The red-edge region (720–750 nm) in leaf spectra is highly sensitive to chlorophyll content, and its redshift phenomenon directly reflects increased chlorophyll concentration and enhanced photosynthetic capacity. The absorption valleys in the blue–violet (∼450 nm) and red (∼680 nm) regions of the visible spectrum are closely associated with chlorophyll a/b content, characterizing light capture efficiency. As a key component of chloroplasts and proteins, nitrogen influences spectral responses through reflectance peaks around 550 nm and spectral slope features near 700 nm, thereby directly modulating nitrogen metabolism and plant growth. Soil spectra, on the other hand, indirectly reflect nitrogen and moisture availability in the root zone through organic-matter-related features and moisture absorption characteristics (e.g., ∼970 nm) across the visible and near-infrared regions. However, current studies relying solely on maize leaf spectral data for yield prediction suffer from limited model generalizability and unstable predictive accuracy [48,49,50,51]. Integrating multimodal data for collaborative prediction can effectively overcome the limitations of single-modal approaches in crop yield forecasting [52,53,54,55], thereby enhancing the capture of yield-sensitive information across diverse data modalities.
This study compares the performance differences between single-modal and multimodal data in yield prediction and finds that fused multimodal data significantly outperform single leaf spectral data in prediction accuracy. Compared to the limitations of single-modal data in comprehensively capturing effective spectral information, the combined use of multimodal data can extract different feature information from the data, fully leveraging the complementarity between features to improve model prediction accuracy [56,57,58,59,60]. As shown in Table 7, after introducing soil spectral features, the model’s prediction performance significantly improves compared to single leaf spectral data, with R2 increasing by 0.19. This result demonstrates that the synergistic effect between soil and leaves can effectively enhance yield prediction performance. Notably, the fusion of leaf spectra, soil spectra, and leaf biochemical parameters achieves an R2 value exceeding 0.95, which not only verifies the superiority of the multimodal fusion strategy but also reveals significant complementary effects among different data modalities, providing a new technical pathway for constructing high-precision maize yield prediction models.
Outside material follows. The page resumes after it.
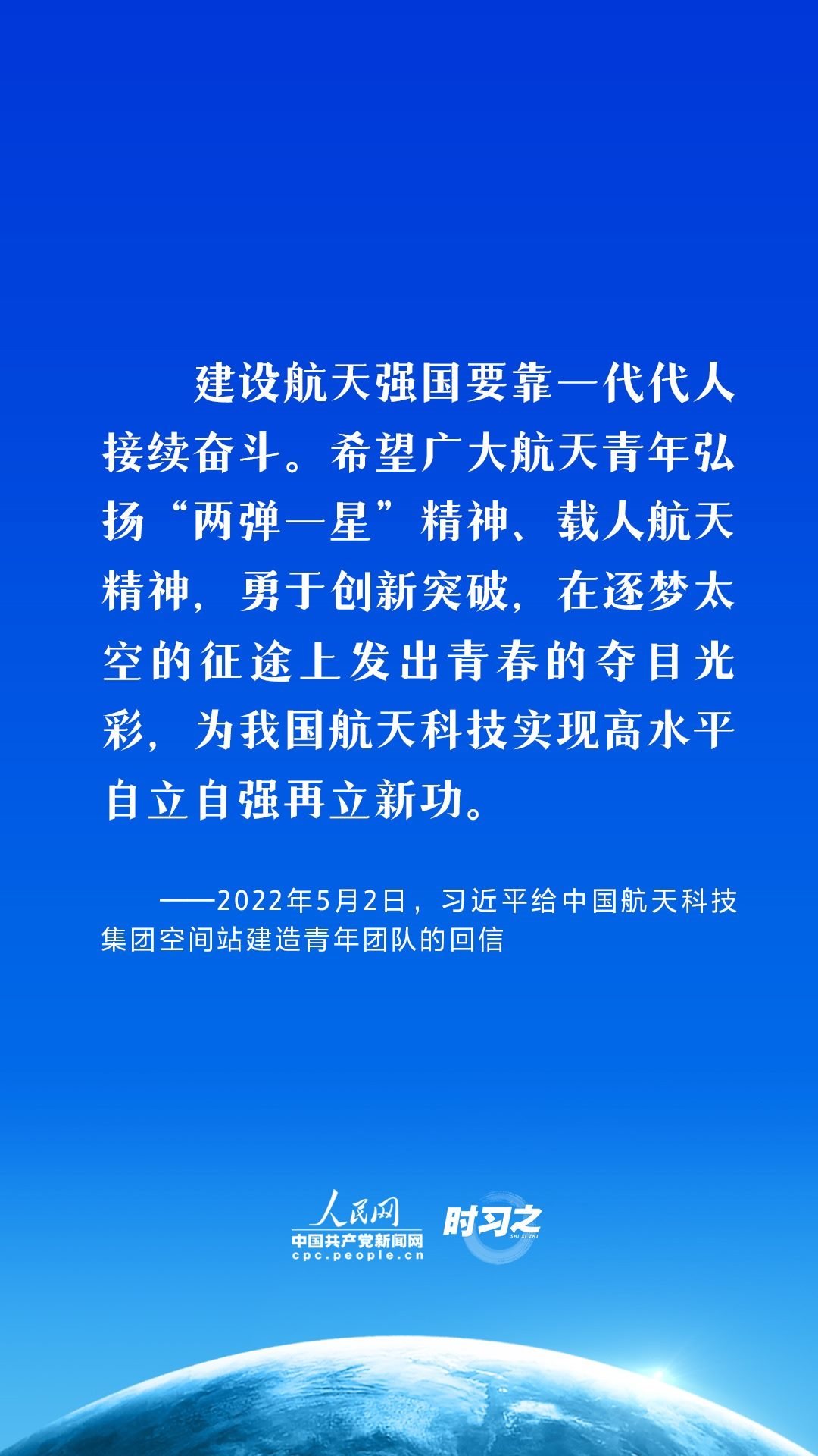 航天夢(mèng)是強(qiáng)國(guó)夢(mèng)的重要組成部分。黨的十八大以來(lái),習(xí)近平總書(shū)記高度重視我國(guó)航天事業(yè)發(fā)展,在不同場(chǎng)合,頻頻提及航天精神,并不斷注入新的時(shí)代內(nèi)涵,激勵(lì)中國(guó)航天以勃發(fā)之氣,巡天探宇叩問(wèn)蒼穹,向著建設(shè)航天強(qiáng)國(guó)的目標(biāo)勇毅前行。

The high-precision prediction performance of the CA-MFFNet model is primarily attributed to feature enhancement and information complementarity achieved through multimodal data fusion. At the data input stage, a multimodal parallel network architecture is adopted to perform deep feature extraction on leaf spectral data, soil spectral data, and leaf biochemical parameters separately, effectively preserving the unique features of each modal dataset. Then, cross-attention mechanisms are introduced to achieve dynamic interaction and fusion between different modal features, fully exploring the complementary information of multimodal features. This design, compared to traditional serial or parallel feature fusion methods (such as PCA or simple CNN stacking), better aligns with the complex mechanism of multi-factor synergistic effects during maize growth and metabolism, enabling a more comprehensive description of crop growth conditions [61], and thereby significantly improving the accuracy of maize yield prediction.
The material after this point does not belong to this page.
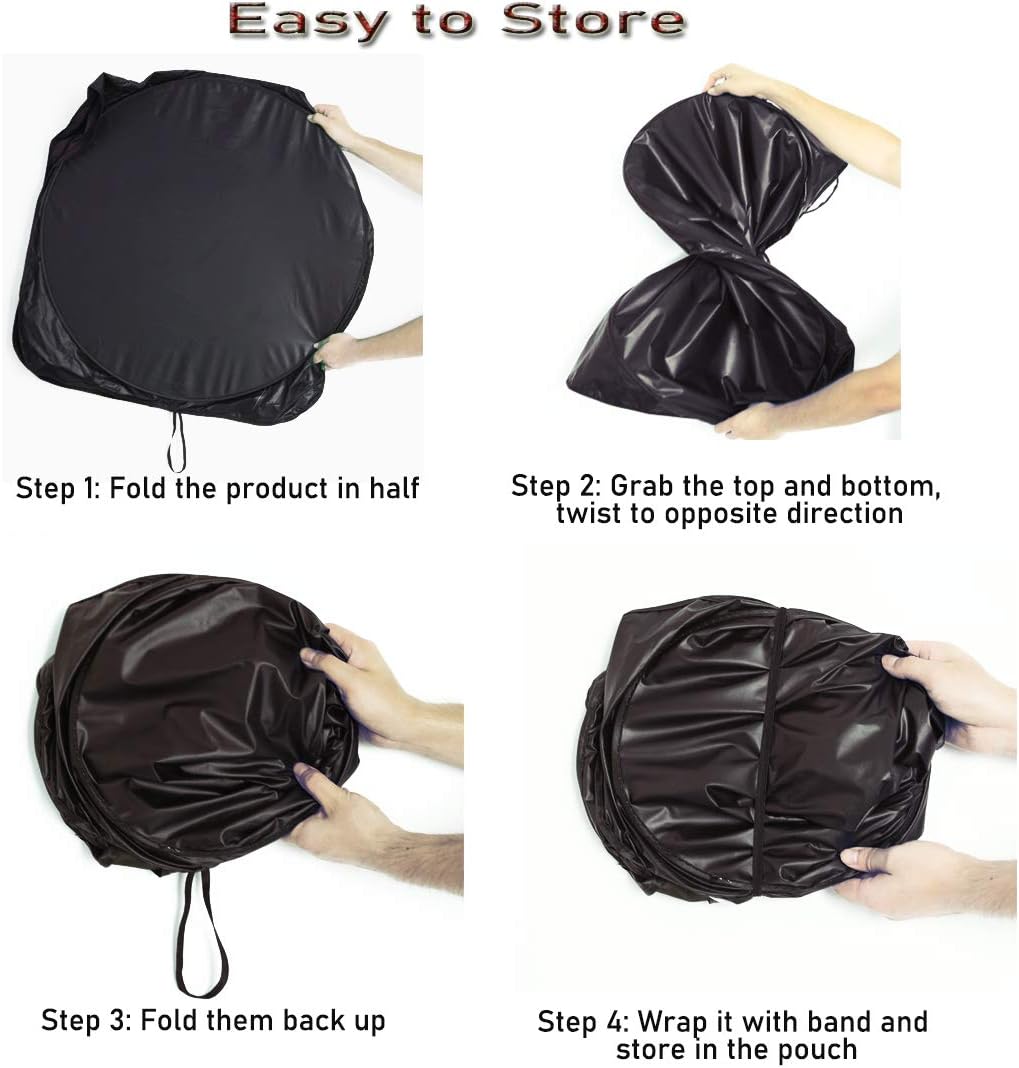 - Easy to Fold and Store- windshield sunshade easily pops out and folds back in seconds. Storage bag included. It can be stored in the door pockets of your auto vehicle.

Table 6 compares the impact of data from four maize growth stages on yield prediction. Further analysis reveals that using multimodal data from individual growth stages for yield prediction yields suboptimal results. This may be attributed to the rapid crop growth during early stages, making it difficult to accurately capture key factors affecting final yield formation, thereby introducing significant uncertainty to the prediction task [5,62,63,64]. As growth progresses, prediction results based on the first three stages gradually improve, consistent with findings from existing studies [38,65,66]. However, the R6 stage shows a significant decline in prediction accuracy. Field observations indicate this anomaly stems from excessive rainfall during the experimental year combined with over-irrigation, leading to root hypoxia during R6 that caused premature leaf yellowing and accelerated withering [67], thereby reducing the correlation between leaf spectral information and final yield. These results indirectly demonstrate that, under abnormal climatic conditions, environmental factors require special consideration when using spectral data for yield prediction, presenting new scientific questions for future research.
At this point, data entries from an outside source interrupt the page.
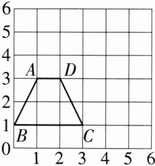 (2)点$B$的位置不动,按$2 : 1$的比画出等腰梯形放大后的图形$A'BC'D'$,并将各点的位置填在下面。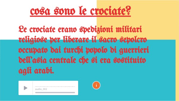Le crociate erano spedizioni militari religiose per liberare il sacro sepolcro occupato dai turchi popolo di guerrieri dell'asia centrale che si era sostituito agli arabi.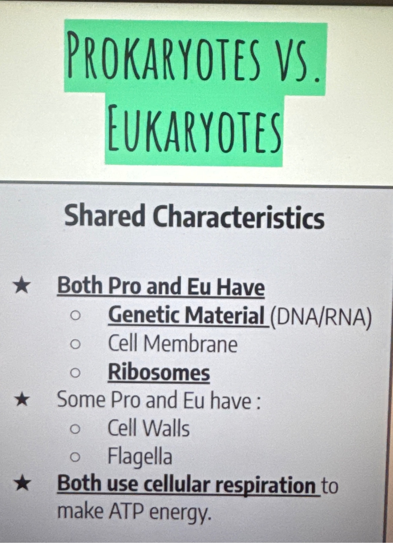 What are the shared characteristics of prokaryotes and eukaryotes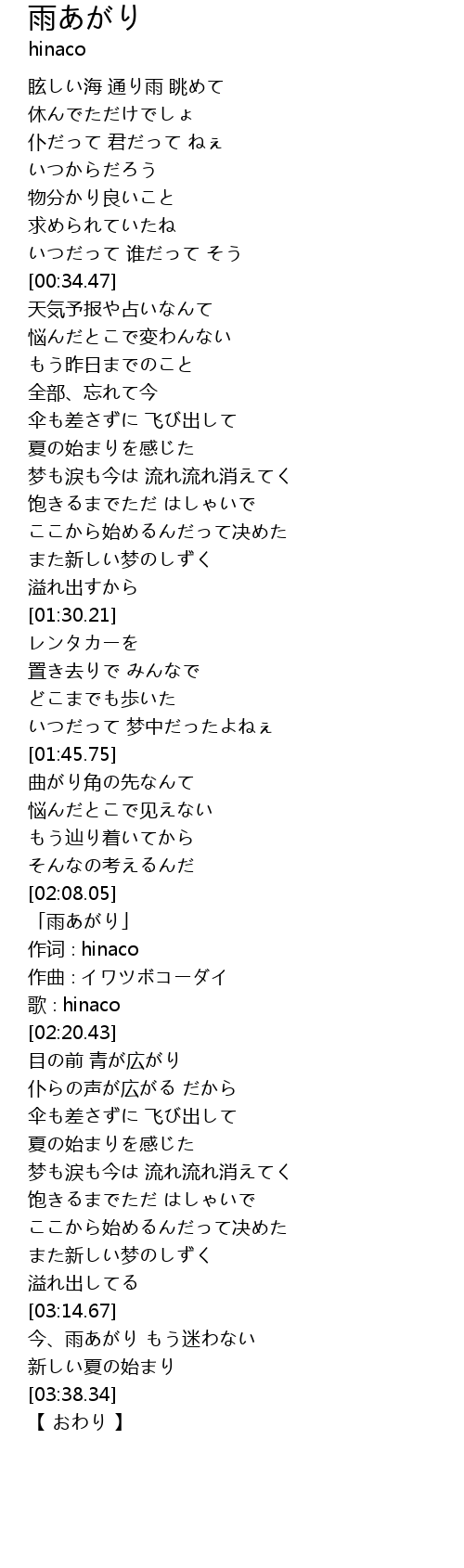 | [02:11.43] | 「雨あがり」 |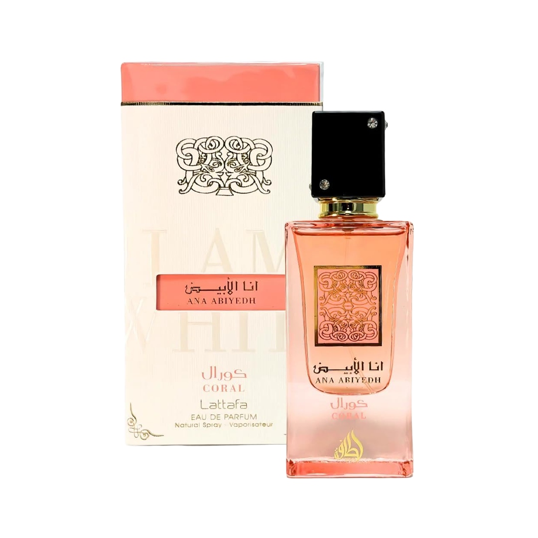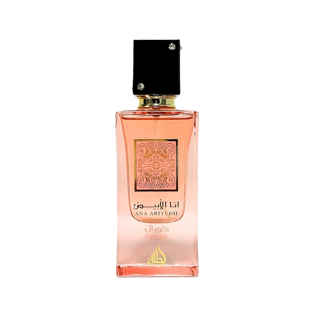 Ana Abiyedh Coral de Lattafa es una fragancia floral frutal unisex que evoca un ambiente veraniego y luminoso, comenzando con una mezcla jugosa y fresca de frutas que se funde con un corazón cremoso y tropical de coco y flores blancas, y culmina en una estela cálida y suave de vainilla, ámbar y almizcle. Es ideal para quienes buscan un aroma fresco, alegre y fácil de llevar, especialmente en climas cálidos, durante el día o en actividades al aire libre.

To evaluate the generalizability of the CA-MFFNet model, an independent external validation dataset comprising 320 samples was collected from experimental fields in Dalad Banner, Ordos City, Inner Mongolia. Compared to the original training region, this area experiences approximately 15% lower annual precipitation, and the maize cultivar planted was “Jingke 968”. Despite these environmental and genetic differences, the model demonstrated strong predictive performance on the external validation set without any retraining, achieving an R2 of 0.892, an RMSE of 10.47, and an RPD of 3.12. Although a slight decrease in accuracy was observed compared to the main experiment, these results indicate that the CA-MFFNet model exhibits robust generalization capability and potential for regional adaptation across diverse ecological conditions and crop varieties.
This study innovatively integrated maize leaf and soil hyperspectral data with leaf biochemical parameters to construct a deep-learning-based CA-MFFNet yield prediction model, achieving high-precision yield prediction. However, the current model treats data from different growth stages as independent samples and has not yet explored the potential temporal dependencies between these stages. This limitation may prevent the model from capturing key physiological processes underlying yield formation. Future research could incorporate temporal modeling methods, such as Long Short-Term Memory networks, to fully exploit the dynamic correlations and synergistic mechanisms among crop information across growth stages. Such an approach would enable a more comprehensive representation of the yield formation process, thereby enhancing both the predictive performance and mechanistic interpretability of the model [39,66,68,69].

5. Conclusions

This study developed a deep learning prediction network (CA-MFFNet) based on multimodal data fusion to address the limitations of traditional maize yield prediction methods that rely solely on single-modal data. Based on the synergistic mechanism of multimodal data, the CA-MFFNet model achieved accurate maize yield prediction by utilizing leaf spectral data, soil spectral data, and leaf biochemical parameters. To solve the redundancy and collinearity issues in raw spectral data, differentiated feature optimization strategies were designed. For leaf spectra, SAM and CAM were combined to enhance key feature extraction, and DWT was used for multi-scale decomposition to enrich feature representation. For soil spectra, SE was employed to optimize feature channel weights. The experimental results showed that the incorporation of attention mechanisms effectively enhanced the model’s feature extraction capability, while multimodal data fusion significantly improved the accuracy of maize yield prediction.
In terms of feature fusion, this study proposed a multimodal feature interaction strategy improved by a cross-attention mechanism. By establishing dual-path feature fusion methods for leaf spectra–soil spectra and leaf spectra–biochemical parameters, high-precision prediction of maize yield was achieved. The model prediction results demonstrated that root-zone soil spectral features and leaf biochemical parameters significantly improved yield prediction performance based on leaf spectral data. The model achieved an R2 of 0.951, an RMSE of 8.68, an RPD of 4.50, and an MAE of 5.28, exhibiting excellent predictive performance. These research findings provide new approaches and foundations for the application of hyperspectral technology in non-destructive crop yield monitoring.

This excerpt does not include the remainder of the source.